Something tells me that those transmissions are better suited for lighter, smaller cars than large SUVs.
To drive that many miles it must be for work related? Maybe you getting expenses from work or deducting them from taxes? However, i agree with what was said above that you need a cheap car and drive it to the ground. And child support payments as suggested is for the kids, not so mom can drive nice cars and pay off negative equity.
Understood. But things like child support, spousal support, maintenance are to maintain the household. Assuming that the children’s needs are being met, where the money actually goes has no legal restrictions. Am I saying that’s the best way to go about it? No, but the household obligations are what they are, and it’s definitely preferable to raiding your home equity when your husband has a legal obligation to continue contributing to the household. If a divorce is in the cards I’d just sell the house and split the proceeds accordingly and get out of that Honda like that, but that’s just me.

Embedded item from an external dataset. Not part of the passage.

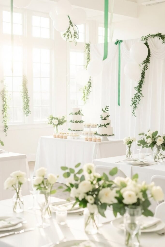 This works beautifully for airy venues with natural light. Pair light green accents with neutral seating to keep the look elegant, organic, and different from typical greenery-heavy baby showers.

Step1: Sell this car for maximum amount and find what your negative equity is.
Step 2: Stop leasing
Step 3: select hybrid Toyota as it gets you best mileage and free service and lasts for Decades
Step 4: Buy a loaner / service vehicle at maximum discount
Like the OP, I drive around 24k miles per year. Over the years I have had many cars both new and used and lately leased.

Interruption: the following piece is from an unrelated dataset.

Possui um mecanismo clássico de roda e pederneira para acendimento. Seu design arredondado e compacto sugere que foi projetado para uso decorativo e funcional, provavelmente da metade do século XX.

For what it’s worth, in my opinion the best bang-for-the buck are 1 or 2 year old rental cars sold by Hertz-car sales or others. By bang-for-the-buck I mean that you have generally reliable cars at relatively low cost. I have purchased 3 of these over the years and had very good service from all of them. I usually pick them up with around 25k miles and sell them when they get around 100k miles. So for me that’s about three years for each car. If I were to do a rental car deal today, I could get a midsized car for perhaps $12k. Spend maybe $500-$1000 on maintenance (oil changes, tires, brakes, and maybe some other repair). And then sell the 4 year old car with around 100k miles for perhaps $3000 to $5000. That would give an amortized monthly cost of around $250 a month
When I started commuting long distances I tried driving older, cheap cars to save money. I did save money but I became increasingly unwilling to deal with old car issues. And they almost never occur at convenient times. So for me, having a fairly reliable car makes me happier even if I could save even more money driving old cars. - Been there, done that.
Regarding fuel costs. For someone (like me) who does 24k miles per year fuel usage can be almost as much as the car payments. If your car gets 25mpg then your monthly fuel bill would be around $200-$250 depending on how much gas is where you live. If your car gets 35 mpg then your monthly fuel bill is perhaps $140-$170 (depending). So based on these numbers I always think about fuel economy when selecting a car.
Fuel economy is important but comfort and safety are perhaps even more important. Over the years I have been involved in 3 collisions, one of them was a five car pile-up. I have been around many collisions and narrowly avoided a few. So think about having some metal around you when those events occur. Your life could change in a second.
For me, mid-sized cars are a nice compromise between economy and safety. It’s not all about saving money
I’ve considered the rental car route before. I am always scared away due to the fact you have no idea how the 300 people before you beat the hell out of it.